Certes, notre présence dans la maison du défunt risque de raviver la peine de ses proches, mais aussi un tant soit peu les en soulager.
Mais est-ce donc un soulagement, que d'oublier une peine juste?
Nous ne soulageons pas leur peine en la leur faisant oublier, mais en la partageant, les amis sont faits pour ça.
Est-ce donc de l'amitié, que de partager ce pour quoi on ne peut payer le prix?
(P) We love the best, and share the rest.
Vous l'appelez "partage"? c'est du pillage.
Mais nous sommes sincèrement touchés par leur peine.
(P) Me blesse qu'on s'intéresse à ce moi qui me bouleverse.
Nos condoléances répondent à un véritable besoin de leur part.
(P) Je partage un fardeau trop léger pour moi, à deux il pourrait faire le poids, en cas d'échec on se mettra à trois.
Et parler de vie dans la maison du mort-né?
(P) La vérité pousse sur les bords des lieux communs et des sentiers battus.
Car la langue de bois est dans le vrai: Tu ne parleras pas de corde dans la maison du pendu!
Pourquoi? pour éviter l'amalgame entre la fin et les moyens.
Tous les chemins mènent vers la mort, la corde, dans le cas du disparu, n'en est qu'un parmi mille qu'il aurait pu emprunter pour y parvenir,
(P) Tant de causes et si peu d'effets,
s'y attarder, c'est faire à un accident de parcours trop d'honneur.
Dans la maison du pendu, la mort est le plat de résistance et la corde, la recette.

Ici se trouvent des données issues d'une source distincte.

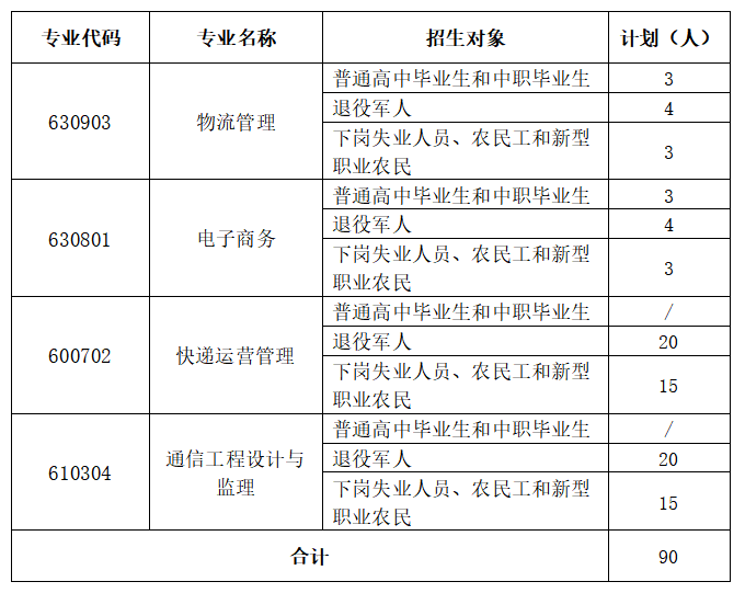 学院2019年安排4个专业参加高职专项扩招,招生计划总计90名,按照普通高中毕业生和中职毕业生,退役军人,下岗失业人员、农民工和新型职业农民,分开单列。其中面向退役军人的招生计划先在第一阶段安排招生,第二阶段招生计划根据2019年10月考生报名情况再行编制。具体招生计划详见下表:

Le gourmet idéalement devrait tout ignorer des secrets du chef, pour bien goûter à la mort, il faut l'isoler de l'amont et de l'aval.
PB se tire une balle dans la tête, les commentateurs sont unanimes: "Il y a toujours un mystère dans l'ultime décision de se donner la mort. Mais les raisons qui ont fait basculer PB dans le désespoir sont, elles, bien réelles" (Le Nouvel Observateur).

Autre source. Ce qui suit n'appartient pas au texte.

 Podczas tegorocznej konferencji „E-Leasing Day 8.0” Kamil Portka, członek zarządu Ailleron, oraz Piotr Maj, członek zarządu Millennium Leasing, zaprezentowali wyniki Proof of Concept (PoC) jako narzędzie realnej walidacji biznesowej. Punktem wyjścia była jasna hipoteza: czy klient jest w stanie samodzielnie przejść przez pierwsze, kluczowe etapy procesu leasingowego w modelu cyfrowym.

Quand on n'en sait rien, autant assurer ses arrières,
(P) Le cerveau a horreur de la cause suffisante,
a fortiori du vide causal.
Et s'il avait laissé une lettre d'adieu disant: "Je n'en peux plus" - mais "Je n'en peux plus" est la preuve du contraire...

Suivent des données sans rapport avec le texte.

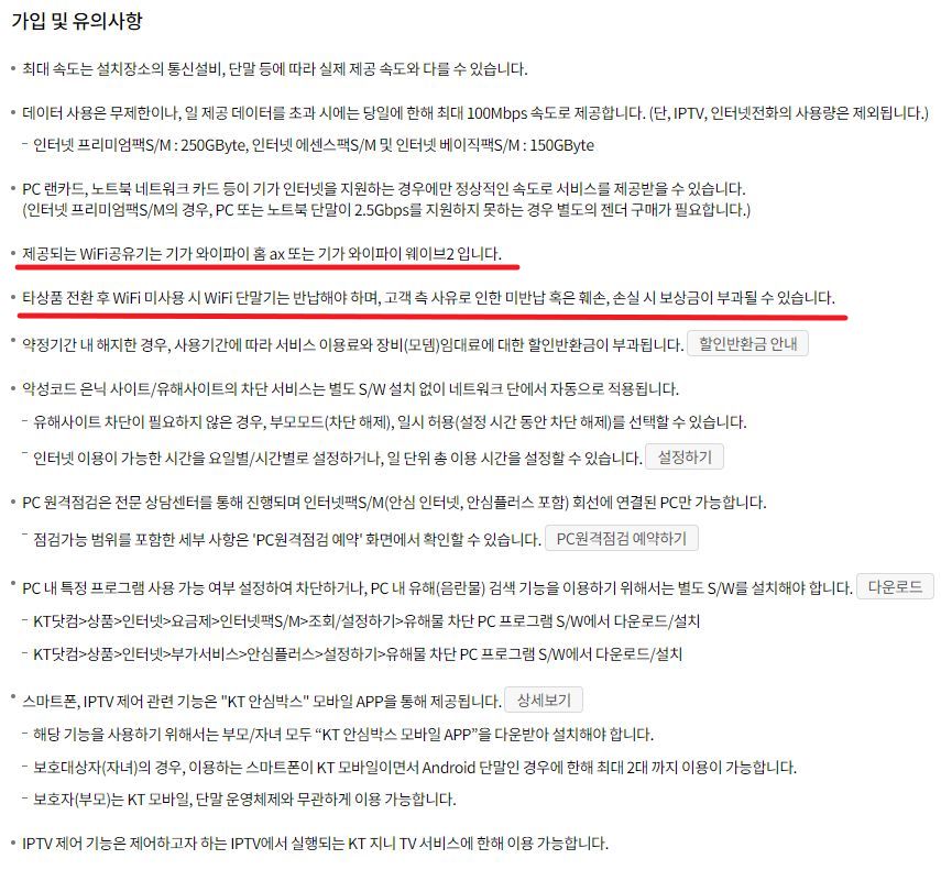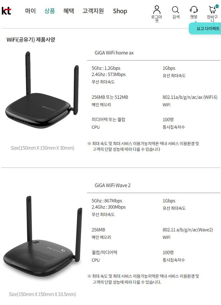 요즘 KT인터넷서비스상품 메모: 출동비, 공유기 사양 본문

Et s'il avait laissé une lettre d'adieu disant: "Je me suis donné la mort à cause de la calomnie", faudrait-il parler de calomnie dans la maison de PB?
Non, car la calomnie est plus faible que le suicide, le suicide est l'arbre qui cache le désert vert.
Quand la surface est trouble, laissons la profondeur au scaphandrier, expliquer l'une par l'autre, c'est
(P) Offrir des béquilles à Carl Lewis.
Qui défendra la cause de l'effet?
(P) "Béni soit-Il qui isola le sacré du profane".
Ajoutez de l'ordre au désordre, seul le désordre en profitera, mélangez une matière pure et une matière impure, l'une en sortira impure, l'autre, plus impure encore.
Parler de corde dans la maison du pendu, c'est troquer le terminal contre la logistique, la chose en soi contre un truc. Il est donc de notre devoir de ne pas en parler.
Hélas, nous y parlons de corde, et comment, nous n'y parlons pour ainsi dire que de ça - et du beau temps, et du chômage, et du suicide de PB -, de quoi voulez-vous que l'on y parle, de mort?
Dire, point, n'est déjà pas de ce monde, alors ne point dire...
(P) We love the best and share rest.